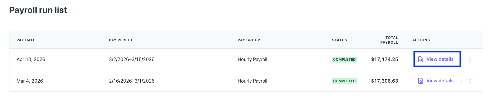 Click on View Details of the associated payroll run you processed, you will see the list of workers paid and whether their payment is complete, in progress or failed.
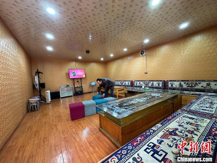 图为村民申占彪在自家改造后的KTV“豪包”内打扫卫生。 魏建军摄
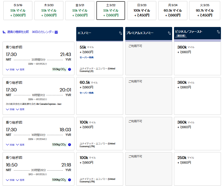 ちなみにちょっとマニアになると気になる点としては、ユナイテッド航空マイレージプラスなどなど他社のマイルでも直前開放の枠ってあるのかという点ではないでしょう。ということで、ユナイテッド航空マイレージプラスで、東京=バンクーバーの3/22も検索してみました。
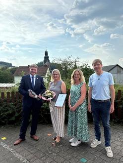 (v.l.: Bürgermeister Markus Röder, Andrea Bleuel, Anna Handwerk, Georg Kling)
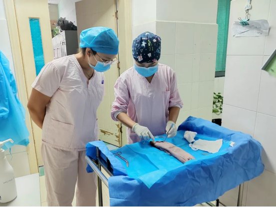 手把手“授之以渔”的匠心坚守。“缝合的不仅是伤口,更是产妇的尊严。”代晓涛将这句话刻进每位学员心里。从用牛舌头模拟到临床实战,她手把手指导学员们完成复杂会阴裂伤缝合10例、宫颈裂伤缝合3例、阴道壁裂伤缝合10例,血肿清除缝合术1例。深夜的产房里,她一边附身为产妇轻柔按摩会阴,一边讲解会阴按摩术在第二产程中的运用。在产妇分娩时,她又反复示范如何用单手控制胎头娩出速度,让“适度保护会阴技术”取代传统托举法,会阴按摩术与“适度保护会阴技术”的运用可减轻会阴裂伤、产妇疼痛、感染、愈合不良等情况,提升孕妇分娩体验感。自开展此项新技术以来,会阴完整性(无裂伤)率增加19%,裂伤率降低11%。
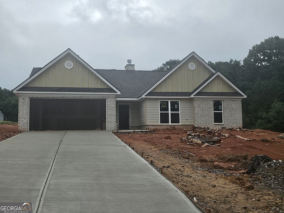 Craftsman style ranch, 4 bedroom, 2 1/2 bath, custom white cabinets, granite kitchen countertops, Formica bath countertops, large kitchen island, walk in pantry, black stove, microwave and dishwasher, open great room with brick accent wood burning fireplace, large dining area, master suite has walk in closet, master bath has double vanity, large garden tub and separate shower, 2 car garage, warranty. Hannah Plan
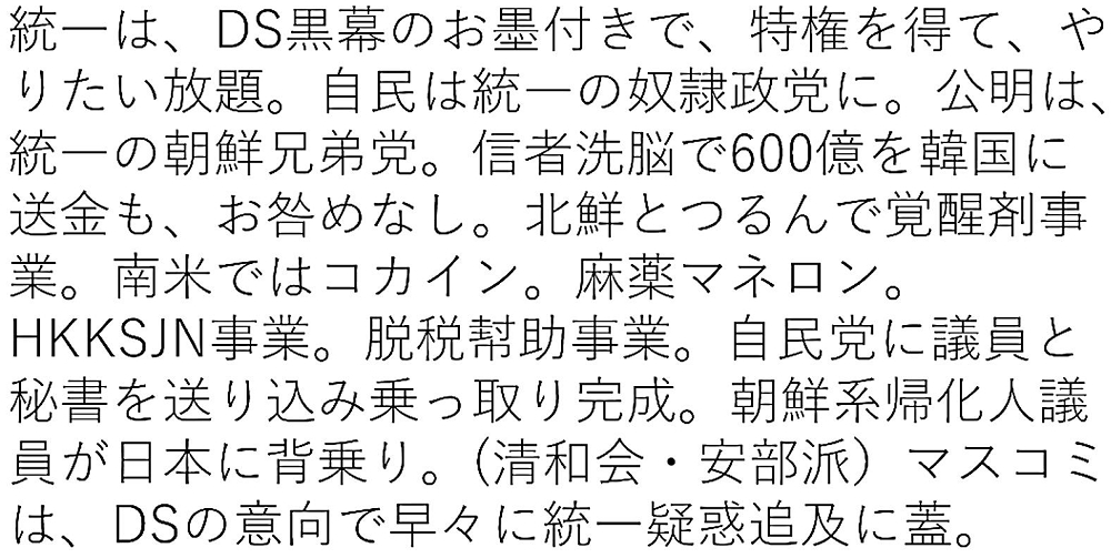「『コロナ・ワクチン』も『ウクライナ』も『統一教会』も『気象兵器』も、『DEEP STATE裏社会の謀略』。『New World Order 戦略』」 ◐統一教会が解れば、自民党に投票する馬鹿は、一人もいなくなる。 ◐統一教会は、DEEP STATE黒幕のお墨付きで、特権を得て、やりたい放題。自民党は、統一教会の奴隷政党に。公明党は、統一教会の朝鮮兄弟党。信者洗脳で、600億を韓国に送金も、お咎めなし。北朝鮮とつるんで、覚醒剤事業。南米ではコカイン。麻薬マネロン。HKKSJN事業。脱税幇助事業。自民党に、議員と秘書を送り込み乗っ取り完成。朝鮮系帰化人議員が、日本に背乗り(清和会・安部派)。マスコミは、DEEP STATEの意向で、早々に統一疑惑追及に蓋。 ◐日本は、国会もメディアも警察も司法も税務署も、統一CIAカルトの支配下。どんな犯罪も隠蔽できる。その漆黒の闇を表に出したのは、安倍晋三さん。死んでくれてありがとう。 ◐統一教会は、上部団体のCIAと同じく、麻薬密輸組織である。統一教会は、CIA極東支部。 ◐統一教会の背後の「CIA・ロックフェラーの対日間接支配構造」。 |
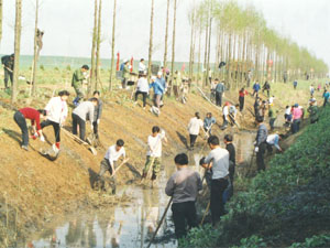 连日来,为加强小麦田间管理、做好清沟沥水工作,东 风湖农场集中人力,对有关主排灌大沟进行清淤。图为 机关、场直单位及三分场职工清淤现场。

» Your task: The copy must match each record exactly, apart from the images, which stay out.

» Written response:
 Click on View Details of the associated payroll run you processed, you will see the list of workers paid and whether their payment is complete, in progress or failed.
 图为村民申占彪在自家改造后的KTV“豪包”内打扫卫生。 魏建军摄
 ちなみにちょっとマニアになると気になる点としては、ユナイテッド航空マイレージプラスなどなど他社のマイルでも直前開放の枠ってあるのかという点ではないでしょう。ということで、ユナイテッド航空マイレージプラスで、東京=バンクーバーの3/22も検索してみました。
 (v.l.: Bürgermeister Markus Röder, Andrea Bleuel, Anna Handwerk, Georg Kling)
 手把手“授之以渔”的匠心坚守。“缝合的不仅是伤口,更是产妇的尊严。”代晓涛将这句话刻进每位学员心里。从用牛舌头模拟到临床实战,她手把手指导学员们完成复杂会阴裂伤缝合10例、宫颈裂伤缝合3例、阴道壁裂伤缝合10例,血肿清除缝合术1例。深夜的产房里,她一边附身为产妇轻柔按摩会阴,一边讲解会阴按摩术在第二产程中的运用。在产妇分娩时,她又反复示范如何用单手控制胎头娩出速度,让“适度保护会阴技术”取代传统托举法,会阴按摩术与“适度保护会阴技术”的运用可减轻会阴裂伤、产妇疼痛、感染、愈合不良等情况,提升孕妇分娩体验感。自开展此项新技术以来,会阴完整性(无裂伤)率增加19%,裂伤率降低11%。
 Craftsman style ranch, 4 bedroom, 2 1/2 bath, custom white cabinets, granite kitchen countertops, Formica bath countertops, large kitchen island, walk in pantry, black stove, microwave and dishwasher, open great room with brick accent wood burning fireplace, large dining area, master suite has walk in closet, master bath has double vanity, large garden tub and separate shower, 2 car garage, warranty. Hannah Plan
「『コロナ・ワクチン』も『ウクライナ』も『統一教会』も『気象兵器』も、『DEEP STATE裏社会の謀略』。『New World Order 戦略』」 ◐統一教会が解れば、自民党に投票する馬鹿は、一人もいなくなる。 ◐統一教会は、DEEP STATE黒幕のお墨付きで、特権を得て、やりたい放題。自民党は、統一教会の奴隷政党に。公明党は、統一教会の朝鮮兄弟党。信者洗脳で、600億を韓国に送金も、お咎めなし。北朝鮮とつるんで、覚醒剤事業。南米ではコカイン。麻薬マネロン。HKKSJN事業。脱税幇助事業。自民党に、議員と秘書を送り込み乗っ取り完成。朝鮮系帰化人議員が、日本に背乗り(清和会・安部派)。マスコミは、DEEP STATEの意向で、早々に統一疑惑追及に蓋。 ◐日本は、国会もメディアも警察も司法も税務署も、統一CIAカルトの支配下。どんな犯罪も隠蔽できる。その漆黒の闇を表に出したのは、安倍晋三さん。死んでくれてありがとう。 ◐統一教会は、上部団体のCIAと同じく、麻薬密輸組織である。統一教会は、CIA極東支部。 ◐統一教会の背後の「CIA・ロックフェラーの対日間接支配構造」。 |
 连日来,为加强小麦田间管理、做好清沟沥水工作,东 风湖农场集中人力,对有关主排灌大沟进行清淤。图为 机关、场直单位及三分场职工清淤现场。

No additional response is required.